Главным образом от представителей малых народностей Кавказа, а также из других мест Советского Союза я получил умного писем, в которых читатели высказывают резкое недовольство моей обрисовкой роли грузин: я будто бы нарисовал их „трусами“, „плохими вояками“. Это, конечно, в корне неверно. Какие бы то ни были оттенки „шовинизма“ и „великорусского зазнайства“ мне всегда были чужды. Я в данном случае отобразил то, что происходило в действительности, без злого умысла.

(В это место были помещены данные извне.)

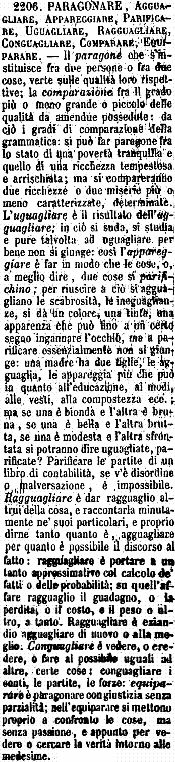 | Paragonare, Agguagliare, Appareggiare, Parificare, Uguagliare, Ragguagliare, Conguagliare, Comparare, Equiparare - Il paragone che s'instituisce fra due persone o fra due cose, verte sulle qualità loro rispettive; la comparazione fra il grado più o meno grande o piccolo delle qualità da amendue possedute: da ciò i gradi di comparazione della grammatica: si può far paragone fra lo stato di una povertà tranquilla e quello di una ricchezza tempestosa e arrischiata; ma si compareranno due ricchezze o due miserie più o meno caratterizzate, determinate. L'uguagliare è il risultato dell'agguagliare; in ciò si suda, si studia e pure talvolta ad uguagliare per bene non si giunge: così l'appareggiare è far in modo che le cose, o, a meglio dire, due cose si parifichino; per riuscire a ciò si agguagliano le scabrosità, le ineguaglianze, si dà un colore, una tinta, una apparenza che può fino a un certo segno ingannare l'occhio, ma a parificare essenzialmente non si giunge: una madre ha due figlie, le agguaglia, le appareggia più che può in quanto all'educazione, ai modi, alle vesti, alla compostezza ecc.; ma se una è bionda e l'altra è bruna, se una è bella e l'altra brutta, se una è modesta e l'altra sfrontata si potranno dire uguagliate, parificate? Parificare le partite di un libro di contabilità, se v'è disordine o malversazione, è impossibile. Ragguagliare è dar ragguaglio altrui della cosa, e raccontarla minutamente ne' suoi particolari, e proprio dirne tanto quanto è, agguagliare per quanto è possibile il discorso al fatto: ragguagliare è portare a un tanto approssimativo col calcolo de' fatti o delle probabilità; su quell'affare ragguaglio il guadagno, o la perdita, o il costo, o il peso o altro, a tanto. Ragguagliare è eziandio agguagliare di nuovo o alla meglio. Conguagliare è vedere, o credere, o fare al possibile uguali ad altre, certe cose: conguagliare i conti, le partite, le forze: equiparare è paragonare con giustizia senza parzialità; nell'equiparare si mettono proprio a confronto le cose, ma senza passione, e appunto per vedere o cercare la verità intorno alle medesime. [immagine] |

Участники похода единодушно свидетельствуют, что казаки дрались упорнее, чем грузины. Грузины, действительно, сравнительно слабо сопротивлялись, но, конечно, не потому, что они „плохие вояки“, а главным образом потному, что не знали,
А что грузинский офицер улепетывал, то в его положении всякий бы улепетывал. Ведь и генерал Покровский в одной рубашке выскочил, высадив раму. У них положение такое создалось: или беги, или ложись сейчас под штыки.
Я не в том смысле хотел дать эту сцену, как она была истолкована некоторыми критиками и читателями. Я стремился показать, что грузины были ошеломлены неожиданностью нападения. Их загипнотизировало зрелище свалившихся на голову таманцев. Они считали свою позицию неприступной. В сущности говоря, шаг Кожуха был в известной мере авантюристичен. На него можно было решиться только с отчаяния. Не полезь таманцы, их бы всех перебили. Им некуда было деваться. А был ничтожный шанс ночью одним ударом сшибить врага, — и таманцы этого достигли.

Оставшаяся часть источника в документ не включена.